DATA UNDER STUDY:

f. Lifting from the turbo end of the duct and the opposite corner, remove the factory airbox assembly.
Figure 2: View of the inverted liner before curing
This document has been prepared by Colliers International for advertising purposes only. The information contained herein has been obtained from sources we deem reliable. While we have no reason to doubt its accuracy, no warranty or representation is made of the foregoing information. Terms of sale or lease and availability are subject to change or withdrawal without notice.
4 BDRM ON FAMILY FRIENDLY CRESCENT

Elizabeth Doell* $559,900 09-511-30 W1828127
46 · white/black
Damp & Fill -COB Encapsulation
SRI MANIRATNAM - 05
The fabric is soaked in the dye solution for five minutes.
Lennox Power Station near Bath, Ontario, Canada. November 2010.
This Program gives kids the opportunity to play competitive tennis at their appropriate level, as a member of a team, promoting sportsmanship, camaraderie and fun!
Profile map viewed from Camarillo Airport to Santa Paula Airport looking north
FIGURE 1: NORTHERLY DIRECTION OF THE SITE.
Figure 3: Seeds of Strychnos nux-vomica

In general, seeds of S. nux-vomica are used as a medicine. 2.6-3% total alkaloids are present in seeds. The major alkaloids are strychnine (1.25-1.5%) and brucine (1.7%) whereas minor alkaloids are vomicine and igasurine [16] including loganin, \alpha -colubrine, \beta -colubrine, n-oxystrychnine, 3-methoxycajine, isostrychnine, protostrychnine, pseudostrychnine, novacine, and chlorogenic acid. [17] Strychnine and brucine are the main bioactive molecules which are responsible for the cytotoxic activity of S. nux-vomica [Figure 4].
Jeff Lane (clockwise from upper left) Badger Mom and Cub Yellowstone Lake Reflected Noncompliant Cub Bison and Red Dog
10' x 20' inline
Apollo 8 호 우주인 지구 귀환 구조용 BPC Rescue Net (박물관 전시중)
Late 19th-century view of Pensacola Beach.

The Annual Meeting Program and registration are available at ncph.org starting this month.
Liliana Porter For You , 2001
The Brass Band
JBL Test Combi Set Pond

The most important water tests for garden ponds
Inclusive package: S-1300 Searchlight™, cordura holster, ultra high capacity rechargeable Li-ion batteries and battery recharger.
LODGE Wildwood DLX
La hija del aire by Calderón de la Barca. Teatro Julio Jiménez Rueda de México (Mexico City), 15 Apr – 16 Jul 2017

...

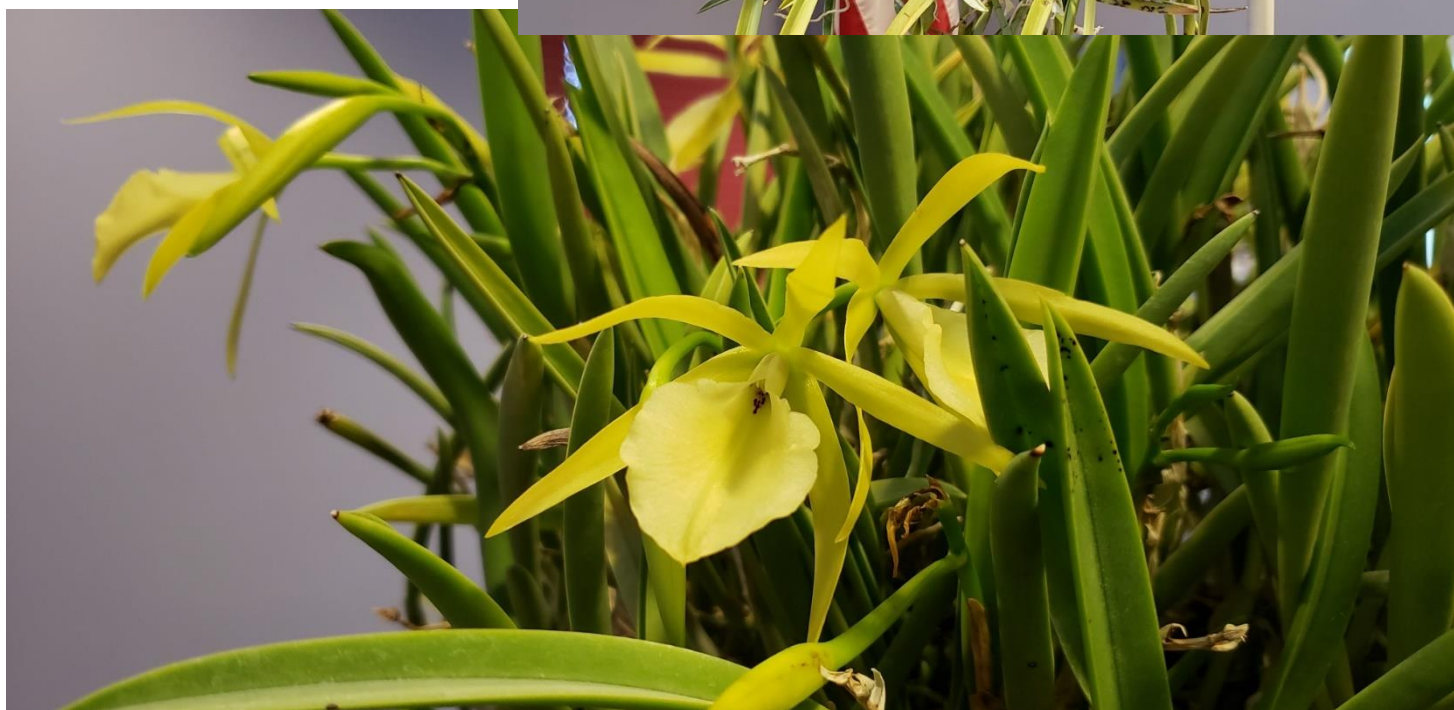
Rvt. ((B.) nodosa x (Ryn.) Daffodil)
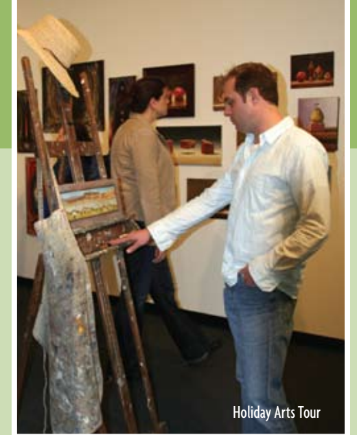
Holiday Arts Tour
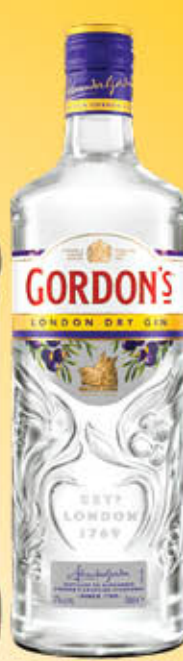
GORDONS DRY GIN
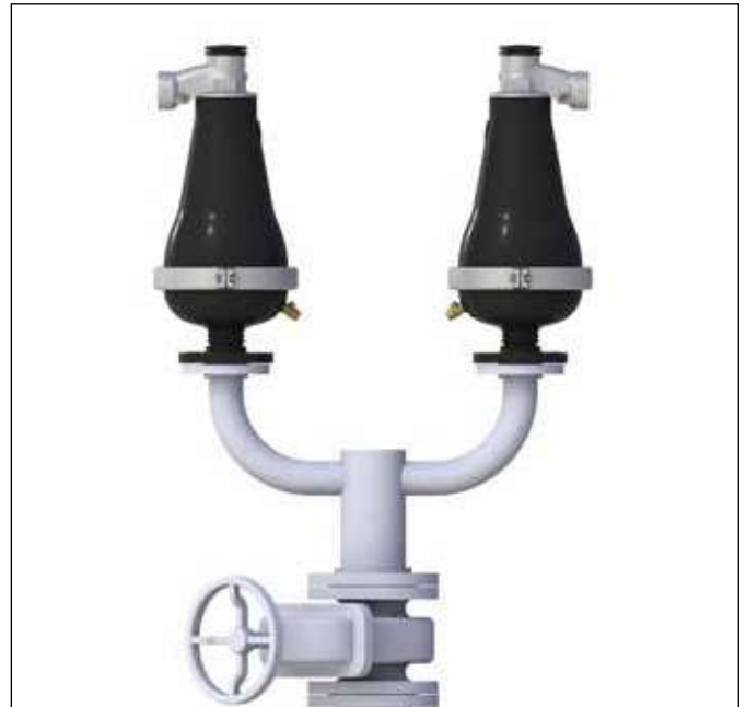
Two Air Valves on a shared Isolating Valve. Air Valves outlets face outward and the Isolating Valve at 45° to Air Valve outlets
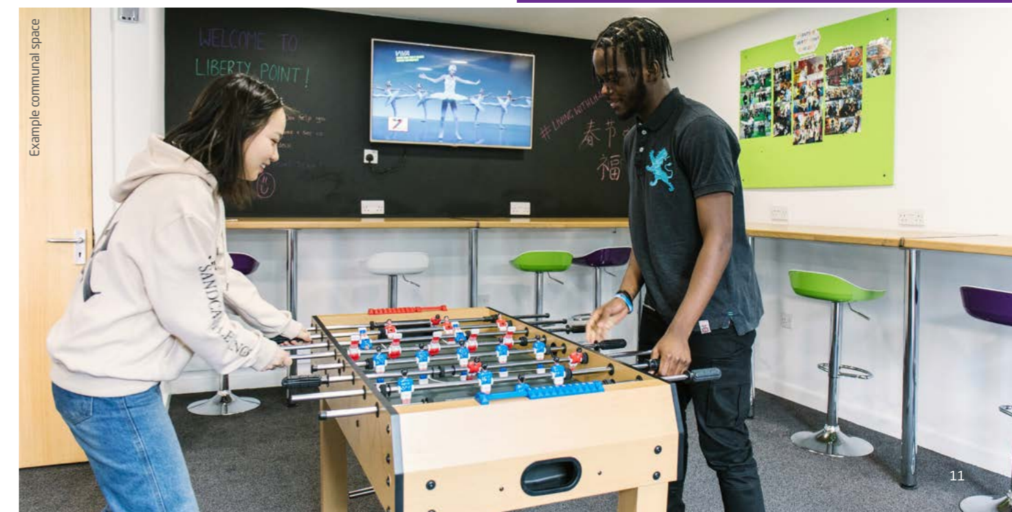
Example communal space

PROBLEM: Using the listing above, copy exactly the line that contains "f. Lifting from", the line that contains "Figure 2: View", and each line that falls between them.

SOLUTION:
f. Lifting from the turbo end of the duct and the opposite corner, remove the factory airbox assembly.
Figure 2: View of the inverted liner before curing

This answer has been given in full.